● WHAT YOU SHOULD DO
Exactly the lines below from the line with "Untuk mendukung UMKM" through the line with "The Bangladesh Navy" must make up the answer, both ends included and pictures left out.

● RECORDS
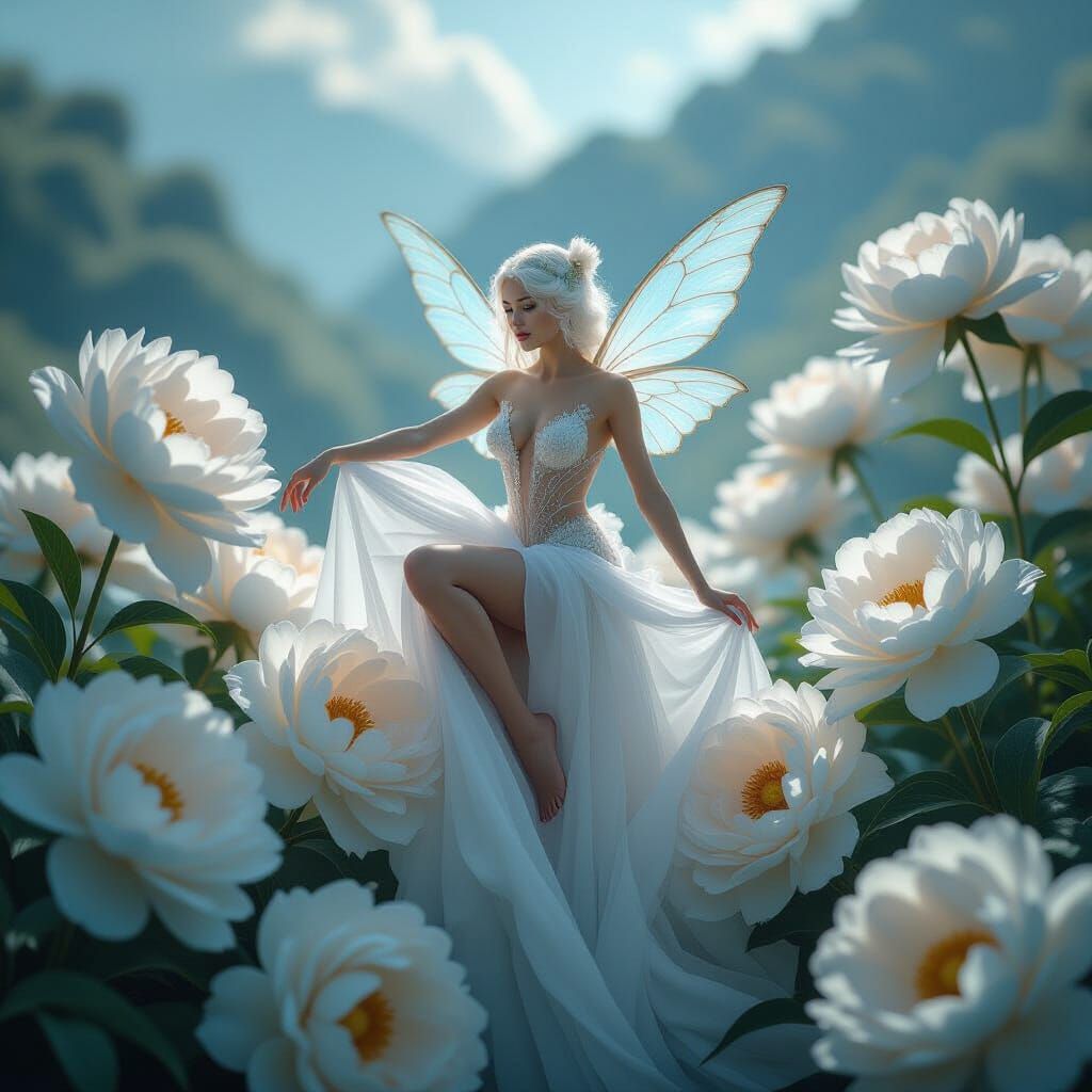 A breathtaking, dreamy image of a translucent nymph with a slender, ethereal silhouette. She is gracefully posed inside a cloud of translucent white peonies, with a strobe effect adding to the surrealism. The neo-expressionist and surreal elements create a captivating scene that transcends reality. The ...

* * *

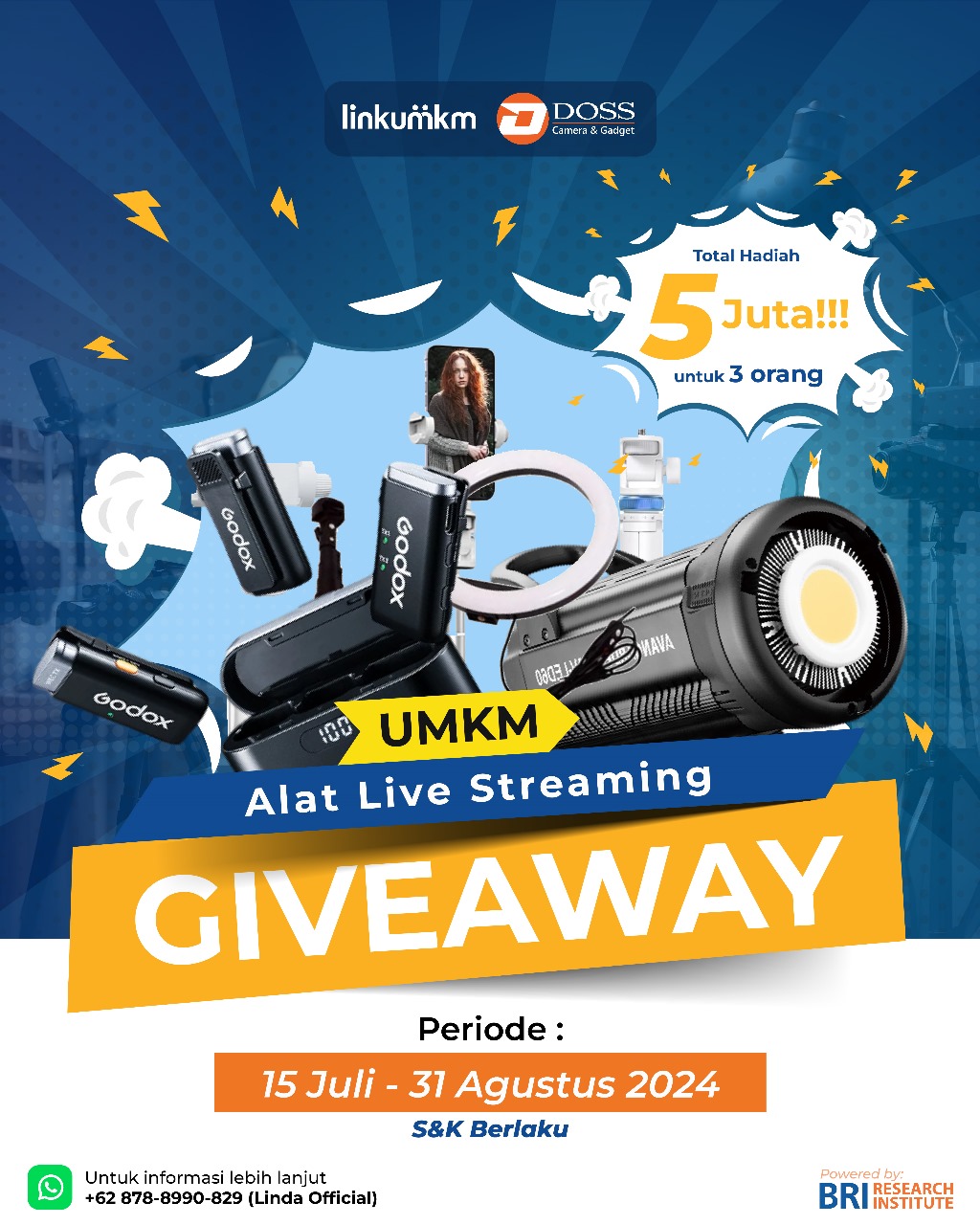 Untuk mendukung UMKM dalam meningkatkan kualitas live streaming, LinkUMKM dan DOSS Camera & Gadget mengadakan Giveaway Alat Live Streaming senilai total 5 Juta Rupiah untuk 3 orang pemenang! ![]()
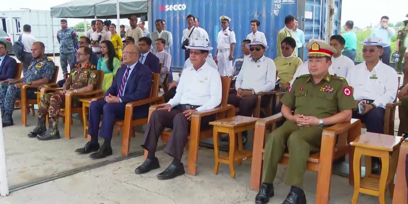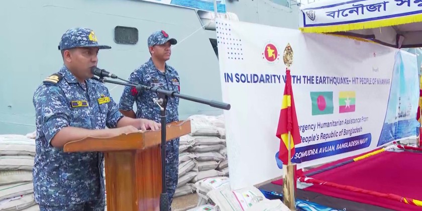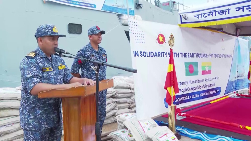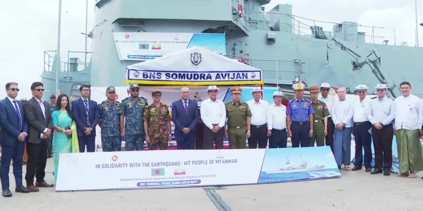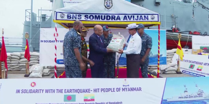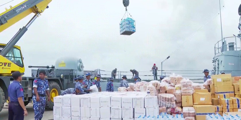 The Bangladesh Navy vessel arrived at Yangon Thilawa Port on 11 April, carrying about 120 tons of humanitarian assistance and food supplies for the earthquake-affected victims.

--

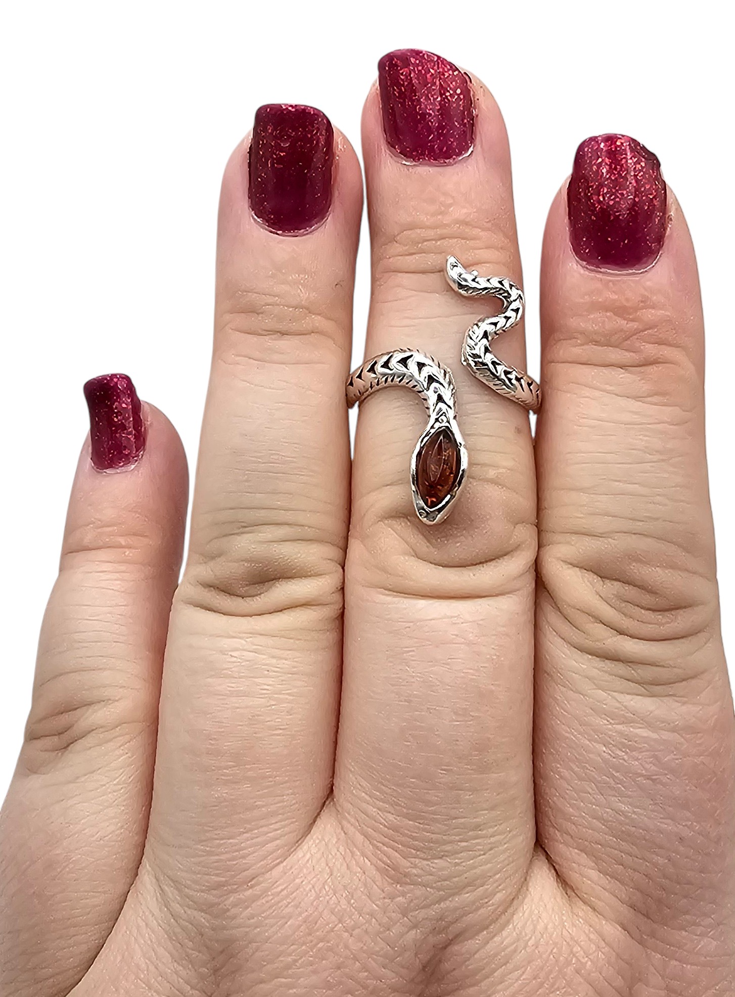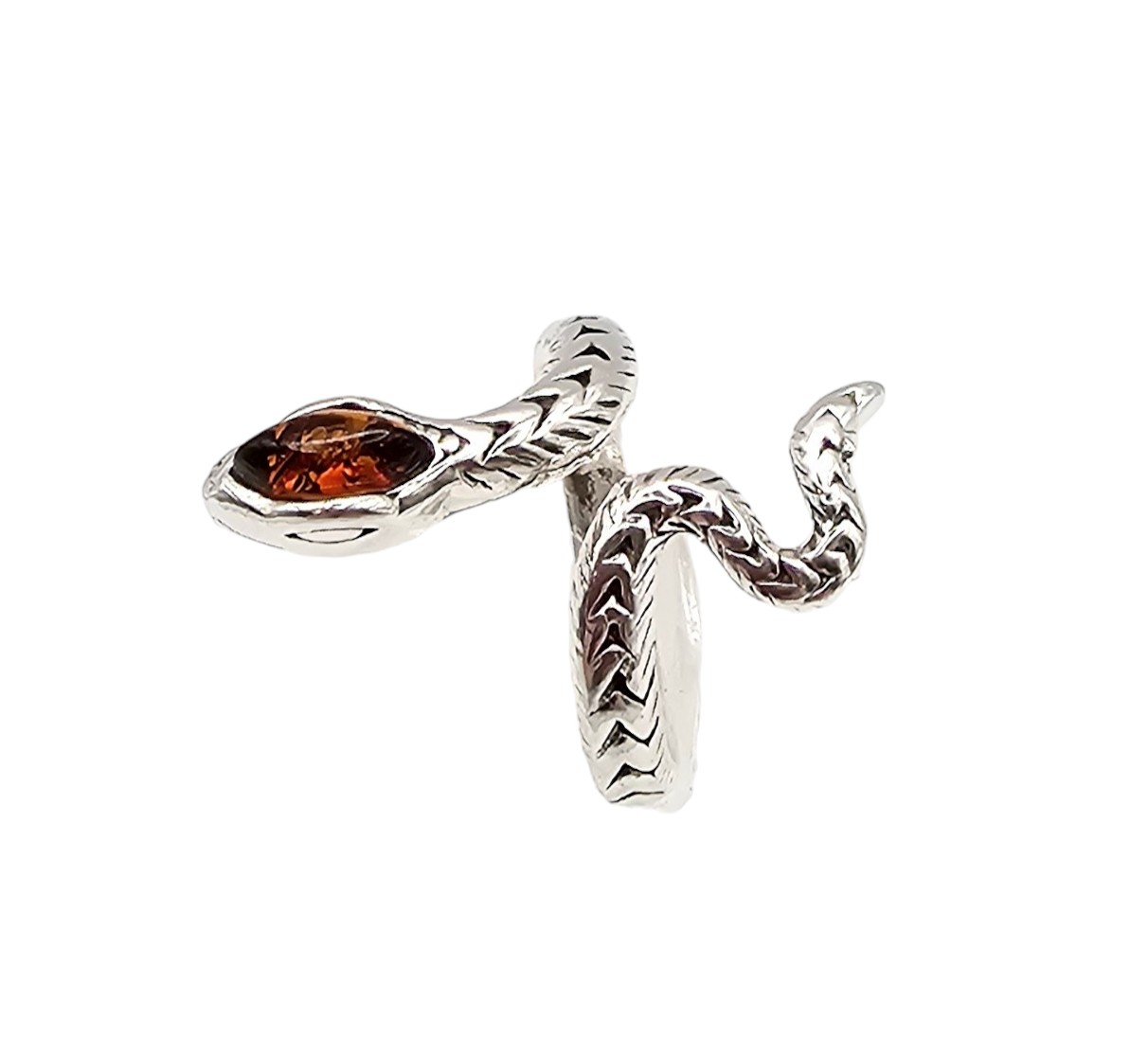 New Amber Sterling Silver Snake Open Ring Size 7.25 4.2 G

● REPLY TO THE TASK
 Untuk mendukung UMKM dalam meningkatkan kualitas live streaming, LinkUMKM dan DOSS Camera & Gadget mengadakan Giveaway Alat Live Streaming senilai total 5 Juta Rupiah untuk 3 orang pemenang! ![]()
 The Bangladesh Navy vessel arrived at Yangon Thilawa Port on 11 April, carrying about 120 tons of humanitarian assistance and food supplies for the earthquake-affected victims.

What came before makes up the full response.